Deploying RPMs via YUM
You need to root access to the machine to apply this recipe.
Add CVMFS repository:
wget -O /etc/yum.repos.d/cernvm.repo http://cvmrepo.web.cern.ch/cvmrepo/yum/cernvm.repo
And import the GPG key of the repository:
wget -O /etc/pki/rpm-gpg/RPM-GPG-KEY-CernVM http://cvmrepo.web.cern.ch/cvmrepo/yum/RPM-GPG-KEY-CernVM
Install the required RPMs. Make sure that your OS repositories are enabled, since it is quite likely that additional system RPMs, e.g.
fuse
and
autofs
, need to be installed in order to resolve the dependencies.
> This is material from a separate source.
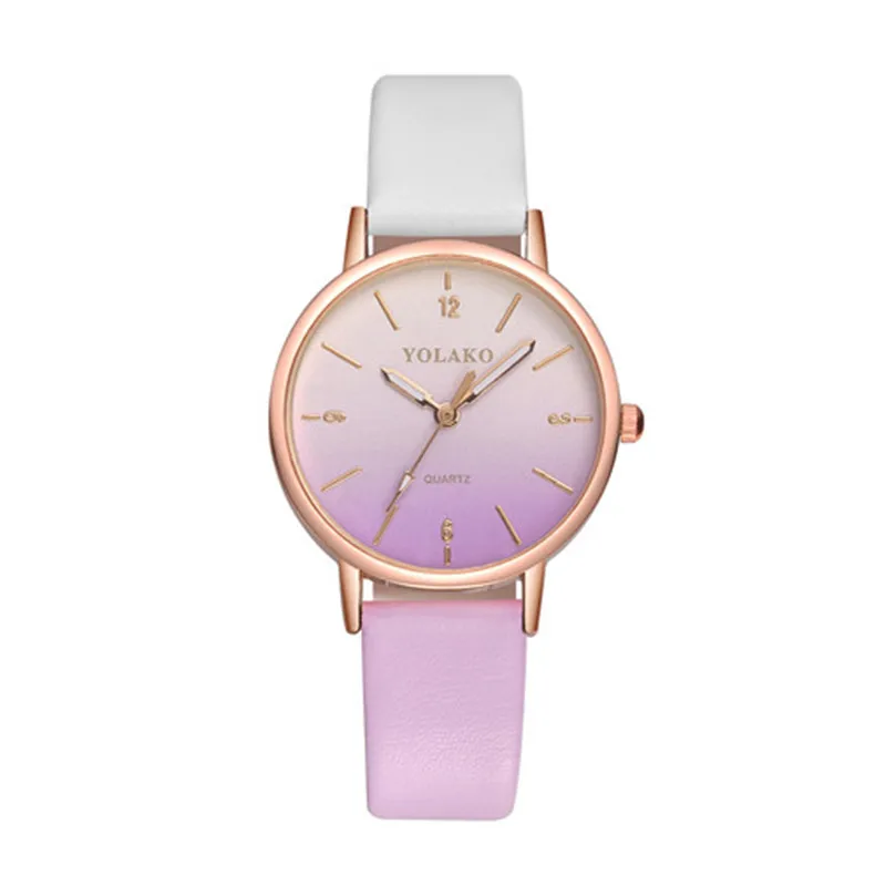 Женские Простые кварцевые часы YOLAKO с кожаным ремешком, женские наручные часы, студенческие повседневные наручные часы, женские часы, подарок

yum install cvmfs cvmfs-init-scripts
Configuration for EMI/gLite Sites
There are some small differences how to set up CVMFS on different middleware stacks. The following is for EMI/gLite sites
Read the commend lines in
/etc/cvmfs/default.conf
in which order configuration are read in.
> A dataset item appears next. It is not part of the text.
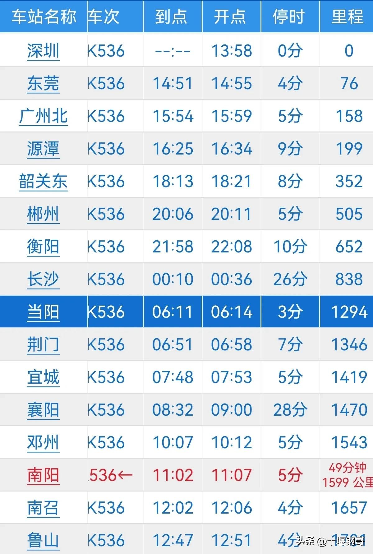 k536次深圳到洛阳普速火车全程1855公里,运行25小时54分钟,沿途主要停靠东莞,广州北,源潭,韶关东,郴州,衡阳,长沙,当阳,荆门,宜城,襄阳,邓州,南阳,南召,鲁山,宝丰,汝州,洛阳。

You need to configure the CVMFS repositories, that you want to support at the site.
For CMS add the following to
/etc/cvmfs/default.local
(you might need to create the file). Of coure you can add other repositories. The CVMFS web page gives more
examples
.
# Repositories: cms.cern.ch is vital for CMS, grid.cern.ch provides a Grid-UI and is a recommended addition
CVMFS_REPOSITORIES=cms.cern.ch,grid.cern.ch
# Make sure $CVMFS_CACHE_BASE has enough space
# Ensure that the file system hosting the cache has an additional 15% free space.
CVMFS_QUOTA_LIMIT=8000
# Increase the size to 10000 or bit more if you can effort it
The default cache directory is
/var/cache/cvmfs2
. It is recommended to have a separate partition for it.
Please note that, starting with CVMFS v. 2.1, the CVMFS cache is by default shared among all the enabled CVMFS repositories.
Some setting that apply to the CMS repository only are set in
/etc/cvmfs/config.d/cms.cern.ch.local
.
Check this carefully. It is vital for jobs to find the local site configuration:
# Important setting for CMS, jobs will not work properly without!
export CMS_LOCAL_SITE=<location of the SITECONF area of your site you like to use relative to the CVMFS SITECONF area>
# This only needed if you did not configure Squids in /etc/default.[conf|local]
CVMFS_HTTP_PROXY="http://<Squid1-url>:<port>|http://<Squid2-url>:<port>[|...]"
For the setting of the
CMS_LOCAL_SITE
variable you have effectively three options:
- Use SITECONF files needed by CMS jobs on the worker nodes from CVMFS. In that case, set
CMS_LOCAL_SITE
to your site name, i.e. set export CMS_LOCAL_SITE=T2_XX_Example
(It may take a while, hours, for changes in your SITECONF area in the GitLab repository to propagate to CVMFS.)
- (Recommended) Have a configuration management system such as cfengine or puppet keep an up-to-date copy of SITECONF on the local worker node disks, for example in
/etc
. (export CMS_LOCAL_SITE=/etc/cms/SITECONF/T2_XX_Example
)
- Keep a SITECONF copy on a shared filesystem and maintain this centrally. This has the downside of making your site depend on NFS or similar technology. (
export CMS_LOCAL_SITE=/nfs/cms/SITECONF/T2_XX_Example
)
If you have a cmsset_local[c]sh configuration, you need to put it into the directory where your local site configuration is sitting. This is of particular importance for DPM sites that need to implement the infamous CMS DPM hack in case they still use RFIO for local file access.
Let
cmvfs_config
do some configuration for you:
cvmfs_config setup
Start autofs and make it starting automatically after reboot
service autofs start
chkconfig autofs on
Let
cvmfs_config
do some checks for you:
cvmfs_config chksetup
This should report errors like wrong setting for the Squids, missing variables and so on.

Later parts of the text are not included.